WorDS of Data Science beginning with K

WorDS Center is actively collecting a dictionary of terms related to big data science. Every week, a new word is released.

a b c d e f g h i j k l m n o p q r s t u v w x y z

Click one of the letters above to go to the page of all terms beginning with that letter.

Kepler

Kepler is a software application for creating Scientific Workflows. Scientists have previously been forced to use a range of applications that each provided different benefits when working with data. To make scientific workflows more efficient, Kepler was created to bring together the benefits of these other programs into a single, easy to use application. Kepler provides a graphical interface that allows users to visualise the data flow of their model, and publish or share a much clearer representation of the workflow with their colleagues. This graphical interface also makes Kepler more user-friendly and easier to learn. Another benefit Kepler provides is access to a range of data management middlewere and repositories, and a vast library of data processing and analysis tools that are directly importable into workflows as steps.
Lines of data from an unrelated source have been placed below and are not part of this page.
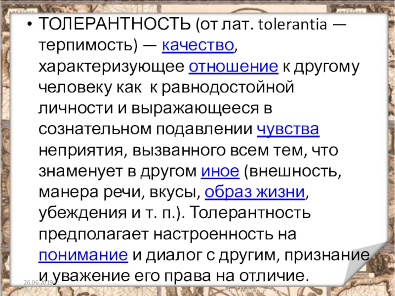 Слайд 4ТОЛЕРАНТНОСТЬ (от лат. tolerantia — терпимость) — качество, характеризующее отношение к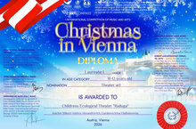 Спектакль Экологического театра «Приключения маленького птенчика», приуроченный к городскому орнитологическому празднику «Птица года», после всероссийского успеха в Крыму получил и мировое признание: диплом лауреата I степени Международного конкурса «Рождественская Вена». Члены жюри из Австрии, Франции, Италии и Израиля высоко оценили совместную работу Р.З.Гатауллина (основа сценария), И.В.Гордеевой (режиссура), А.А.Шкуро (руководство и оформление) и 11 юных артистов – от «заслуженных» до дебютантов (Валерия Коршунова в роли Эколёнка). Конечно, оценку получил видеоролик, но документальная съёмка при большом числе доброжелательных зрителей – без какого-либо монтажа, но с ответной реакцией зала – тоже немало значит! Спасибо всем участникам орнитологического праздника, благодаря которому наши юные актёры узнали много нового и сделали шаг вперёд в своём сценическим творчестве.
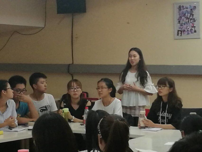其次,是8位新同学的自我介绍环节。每位同学都大方热情的与大家打招呼,从家乡,特长,班级期望等方面一一进行了发言,整个环节气氛都十分愉悦和谐,同学们都聚精会神的倾听,也不乏与同学在兴趣爱好方面引起共鸣的阵阵掌声与欢笑声,相信这将既有助于新同学和大家打成一片,融入茅运这个新的大家庭。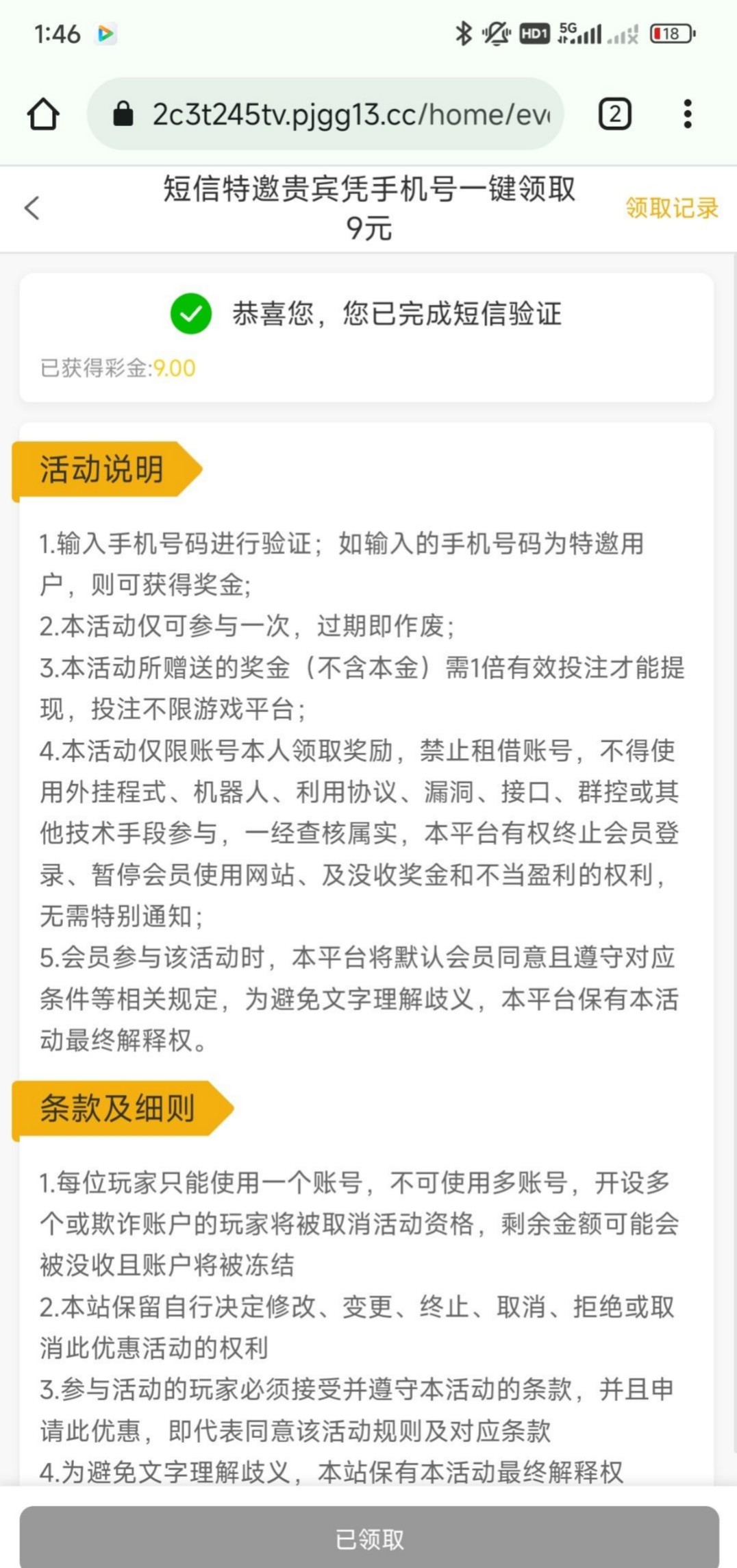 短信特邀自助彩金9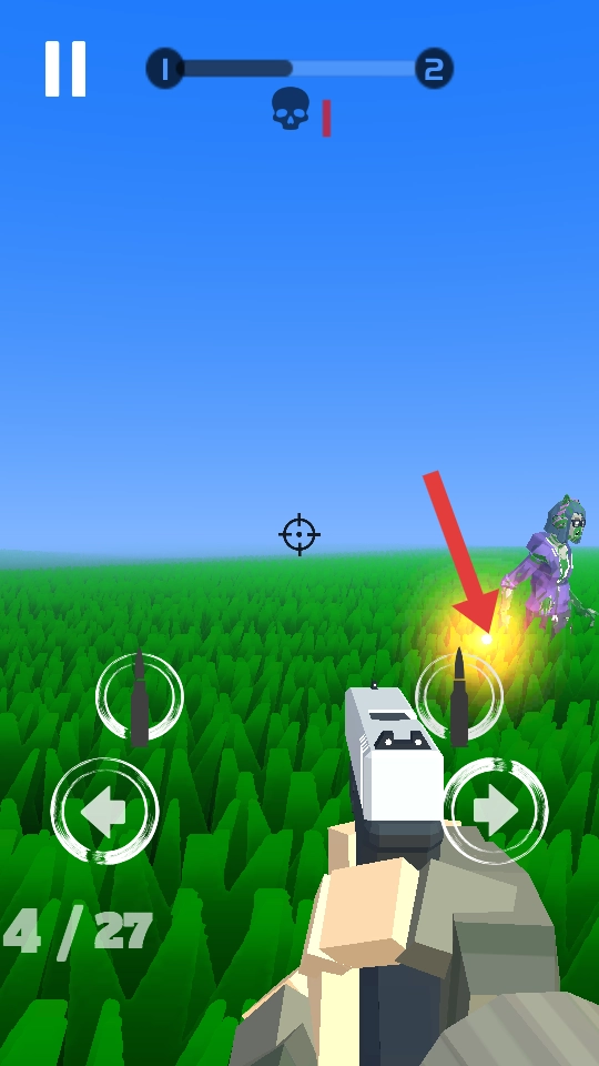 2、留意子弹数如4/27,打完及时换弹,遇到持盾僵尸带金色盾牌,瞄准头部或绕后攻击,避开正面的硬刚。
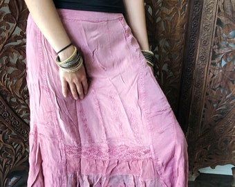 Womens Maxi Ruffle Skirts, Pink Stonewashed Summer Skirt, Embroidered Bohemian Skirt, A-line Peasant Skirts S/M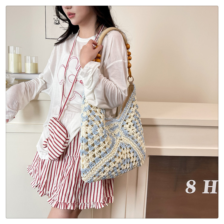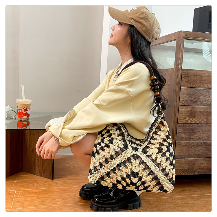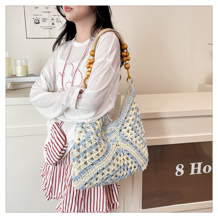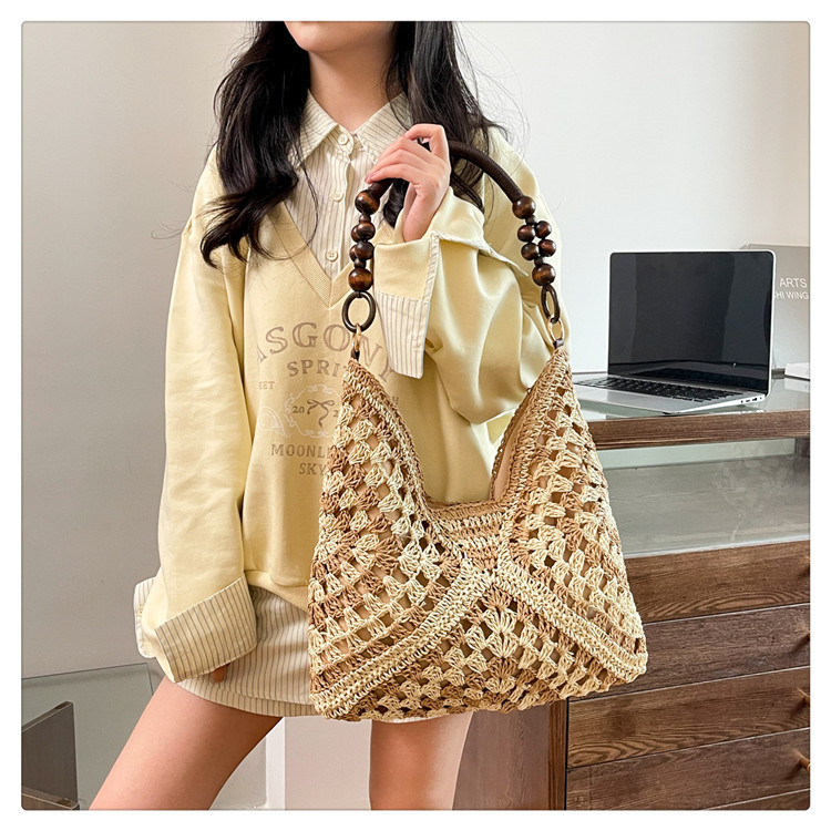 2025 새로운 짠 가방 여성 해변 휴가 스타일 대용량 토트 백 여행 패션 캐주얼 밀짚 가방스토어 가기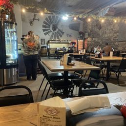 This cafe was recommended to us alongside a BBQ place but seeing as we were walking by we decided to try it out. The place was hopping which is a good sign so we walked inside and saw a giant Easter tree. It took a minute to find out we could seat ourselves but we got a table and were served pretty quickly. I had the gluten-free cheeseburger and fries. I'm not sure if the fries were gluten-free tho as they seemed to have a coating so be aware. They have giant pies with piles of meringue but we didn't get any this time. Maybe next time. That buttermilk one looked intriguing. Parking is located in the town square and this place is located near the museum.

Kepler's interface is composed of 'Actors': nodes that data passes between and that each perform a specific task. Actors are divided into three categories: data sources, data analysis or processing tools, and outputs. To direct the flow of data between Actors, users can simply drag and drop data lines between Actors' input and output ports. Kepler is high level and provides abstraction as complex workflows can be built using simpler sub-workflows that are hidden behind single Actors. The software also automates low-level data processing tasks allowing for efficient creation of high level workflows. Kepler allows for importing external modules to customise or extend the program's functionality, and when a high amount of computational power is required. Kepler works with a variety of heterogeneous computing platforms and computing technologies for native parallel processing on various platforms and optimizes scheduling computing tasks across these platforms.